(Data extract Opens)
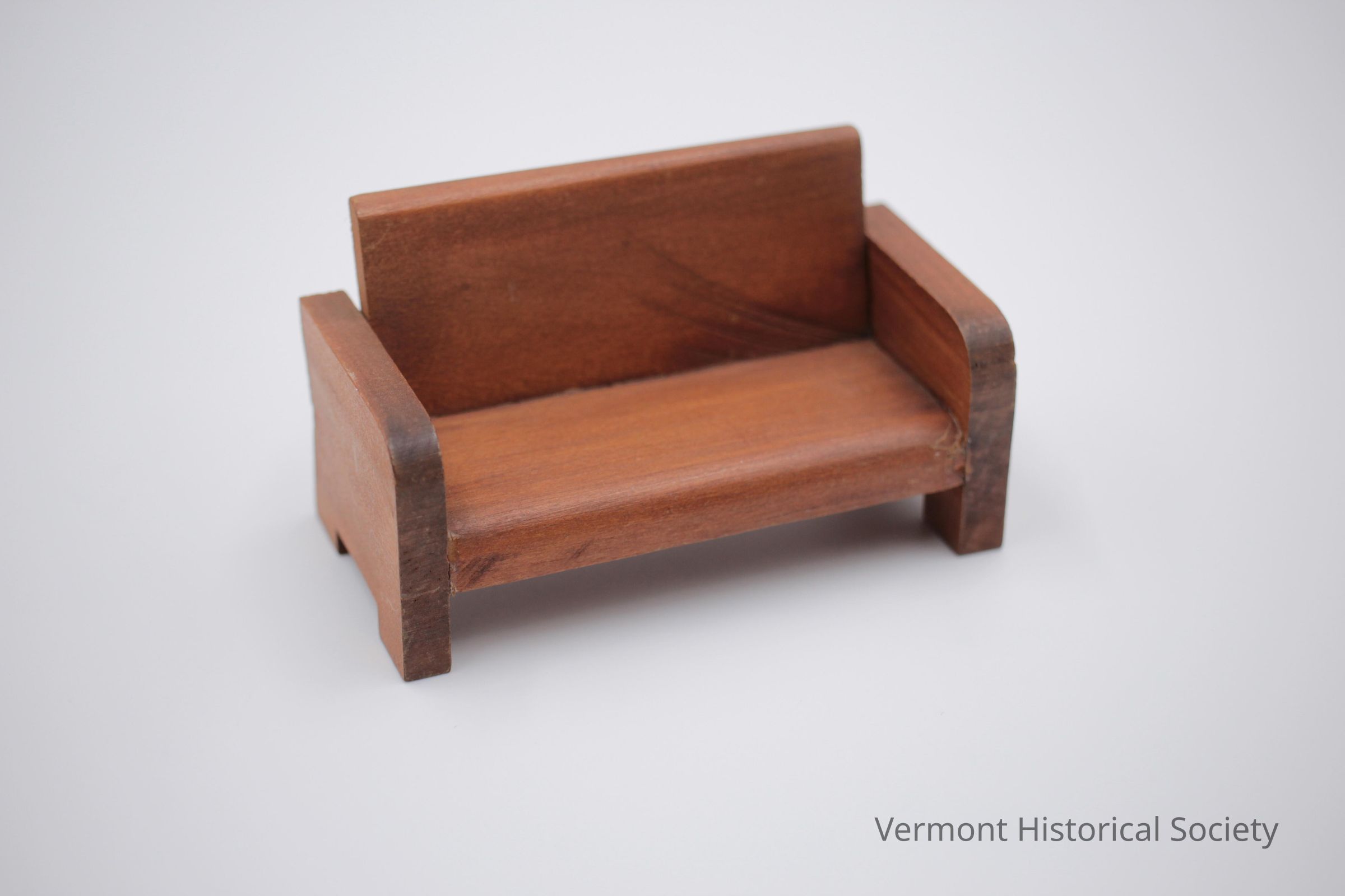 Wooden dollhouse sofa. The sofa is constructed from four pieces and held together with glue. The front edges of the arms are rounded.
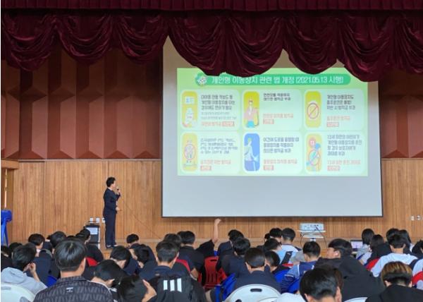 교육 내용은 △전동킥보드 안전 이용 및 운전방법 △원동기장치자전거면허 필수 소지 강조 △무면허 운전시 처벌규정 △도로교통법 준수 등으로, 특히 안전수칙 미준수로 발생한 다양한 교통사고 사례를 영상으로 보여주어 학생들의 경각심을 일깨웠다.
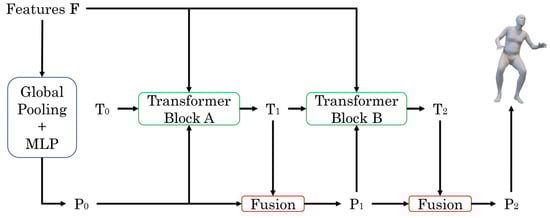 - Lin, K.; Wang, L.; Liu, Z. End-to-End Human Pose and Mesh Reconstruction with Transformers. In Proceedings of the IEEE Conference on Computer Vision and Pattern Recognition (CVPR 2021), Virtual Event, 19–25 June 2021; IEEE: Piscataway, NJ, USA, 2021; pp. 1954–1963. [Google Scholar]
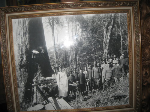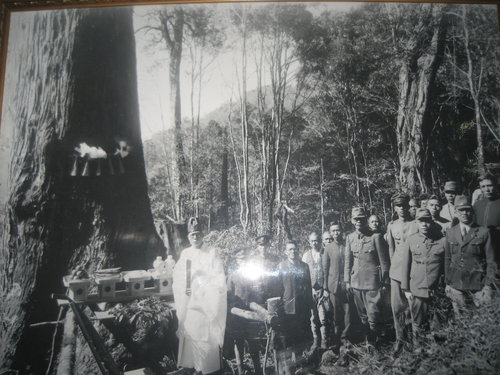 圖為日據時代,日本祭司(穿白衣戴高帽者),在阿里山舉行砍伐紅檜神木儀式;前為日本警察,後為衣不蔽體的伐木工和搬運工(許多為當地鄒族原住民)。 這張獨家照片由檜木達人賴水清蒐藏 玫瑰鹽燈陳淑芬翻攝
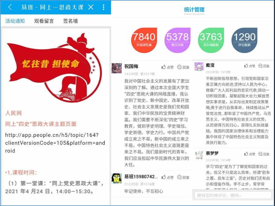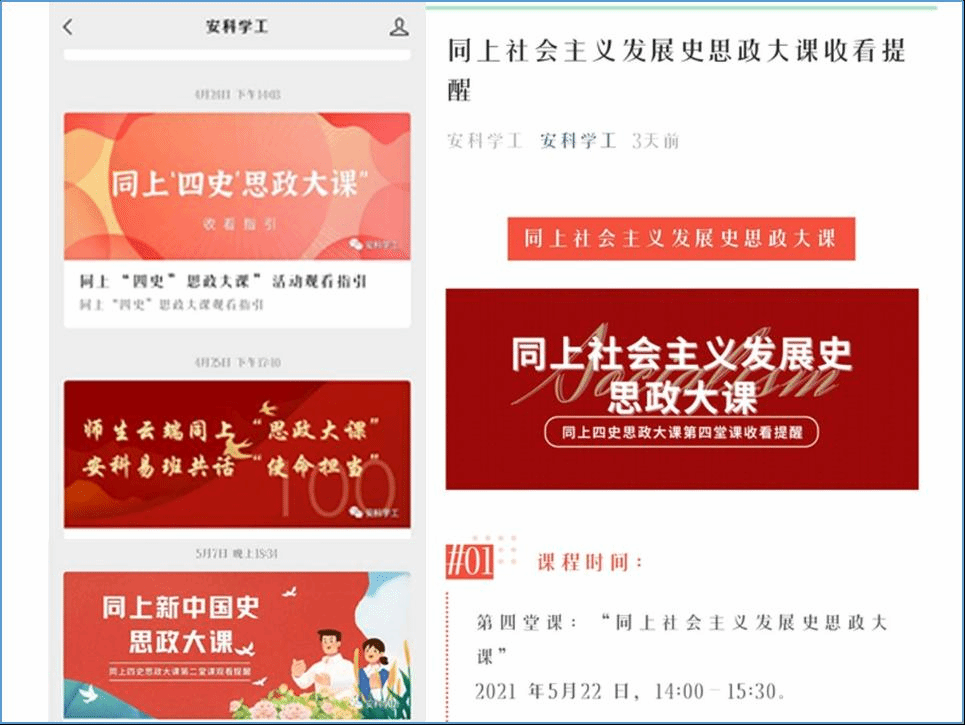 学校通过官网、安科学工微信公众号、安科易班多平台广泛宣传动员,在“安科易班”学习讨论留言板上,师生们反响强烈,踊跃发言,纷纷表达了自己的感想。建筑学院辅导员阮怀思表示,中华人民共和国以活生生的实践及成就向世界强有力的证明了科学社会主义的真理性和巨大生命力,改革开放这场中国的第二次革命,不仅深刻改变了中国,也深刻影响了世界!作为一名高校辅导员,更应当肩负起时代责任和历史使命,以“立德树人”为宗旨,坚定信仰,增强“四个自信”,不断加强道德修养,秉承“明德、致知、笃行、创新”的校训精神,弘扬“艰苦奋斗、开拓创新、求真务实、无私奉献”的安科精神,以更加从容自信的姿态,为决胜全面小康社会实现伟大复兴中国梦努力奋斗!管理学院刘孟佳表示今日观看“同上四史思政大课”让我深刻了解了马克思列宁主义的起源及发展历程,也深刻认识到了中国特色社会主义制度的优越性。在未来的日子里,希望中国青年都能不忘初心牢记使命,从老—辈那里接过建设富强中国的接力棒。
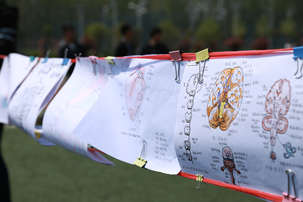 4月14日上午,由我院基础医学院主办的第二届“绘出生命色彩”解剖绘图大赛决赛在平原校区风雨操场举行。我院党委副书记王金文、教务长杜华贞出席,我院教学督导组组长、解剖学教授冯天祥、解剖学教研室主任刘恒兴、基础医学院副院长苗莹莹、首届绘图大赛特等奖选手谢亦丰担任评委。
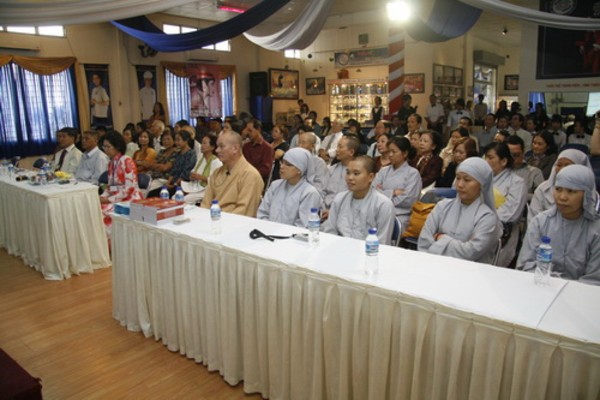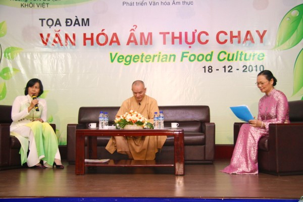Trên 200 người, đặc biệt có rất nhiều bạn trẻ tham dự đã lắng nghe Thượng tọa (TT) Thích Phật Đạo và bác sĩ dinh dưỡng Lê Kim Huệ là hai nhân vật chính trực tiếp dự vấn đáp của buổi tọa đàm, do bà Hồ Đắc Thiếu Anh là hội viên Trung tâm Unesco Phát triển văn hóa Ẩm thực dẫn trương trình.
(Data extract Closes)
Exercise:
Please give the data above again in exact form and omit every picture.

Solution:
 Wooden dollhouse sofa. The sofa is constructed from four pieces and held together with glue. The front edges of the arms are rounded.
 교육 내용은 △전동킥보드 안전 이용 및 운전방법 △원동기장치자전거면허 필수 소지 강조 △무면허 운전시 처벌규정 △도로교통법 준수 등으로, 특히 안전수칙 미준수로 발생한 다양한 교통사고 사례를 영상으로 보여주어 학생들의 경각심을 일깨웠다.
 - Lin, K.; Wang, L.; Liu, Z. End-to-End Human Pose and Mesh Reconstruction with Transformers. In Proceedings of the IEEE Conference on Computer Vision and Pattern Recognition (CVPR 2021), Virtual Event, 19–25 June 2021; IEEE: Piscataway, NJ, USA, 2021; pp. 1954–1963. [Google Scholar]
 圖為日據時代,日本祭司(穿白衣戴高帽者),在阿里山舉行砍伐紅檜神木儀式;前為日本警察,後為衣不蔽體的伐木工和搬運工(許多為當地鄒族原住民)。 這張獨家照片由檜木達人賴水清蒐藏 玫瑰鹽燈陳淑芬翻攝
 学校通过官网、安科学工微信公众号、安科易班多平台广泛宣传动员,在“安科易班”学习讨论留言板上,师生们反响强烈,踊跃发言,纷纷表达了自己的感想。建筑学院辅导员阮怀思表示,中华人民共和国以活生生的实践及成就向世界强有力的证明了科学社会主义的真理性和巨大生命力,改革开放这场中国的第二次革命,不仅深刻改变了中国,也深刻影响了世界!作为一名高校辅导员,更应当肩负起时代责任和历史使命,以“立德树人”为宗旨,坚定信仰,增强“四个自信”,不断加强道德修养,秉承“明德、致知、笃行、创新”的校训精神,弘扬“艰苦奋斗、开拓创新、求真务实、无私奉献”的安科精神,以更加从容自信的姿态,为决胜全面小康社会实现伟大复兴中国梦努力奋斗!管理学院刘孟佳表示今日观看“同上四史思政大课”让我深刻了解了马克思列宁主义的起源及发展历程,也深刻认识到了中国特色社会主义制度的优越性。在未来的日子里,希望中国青年都能不忘初心牢记使命,从老—辈那里接过建设富强中国的接力棒。
 4月14日上午,由我院基础医学院主办的第二届“绘出生命色彩”解剖绘图大赛决赛在平原校区风雨操场举行。我院党委副书记王金文、教务长杜华贞出席,我院教学督导组组长、解剖学教授冯天祥、解剖学教研室主任刘恒兴、基础医学院副院长苗莹莹、首届绘图大赛特等奖选手谢亦丰担任评委。
Trên 200 người, đặc biệt có rất nhiều bạn trẻ tham dự đã lắng nghe Thượng tọa (TT) Thích Phật Đạo và bác sĩ dinh dưỡng Lê Kim Huệ là hai nhân vật chính trực tiếp dự vấn đáp của buổi tọa đàm, do bà Hồ Đắc Thiếu Anh là hội viên Trung tâm Unesco Phát triển văn hóa Ẩm thực dẫn trương trình.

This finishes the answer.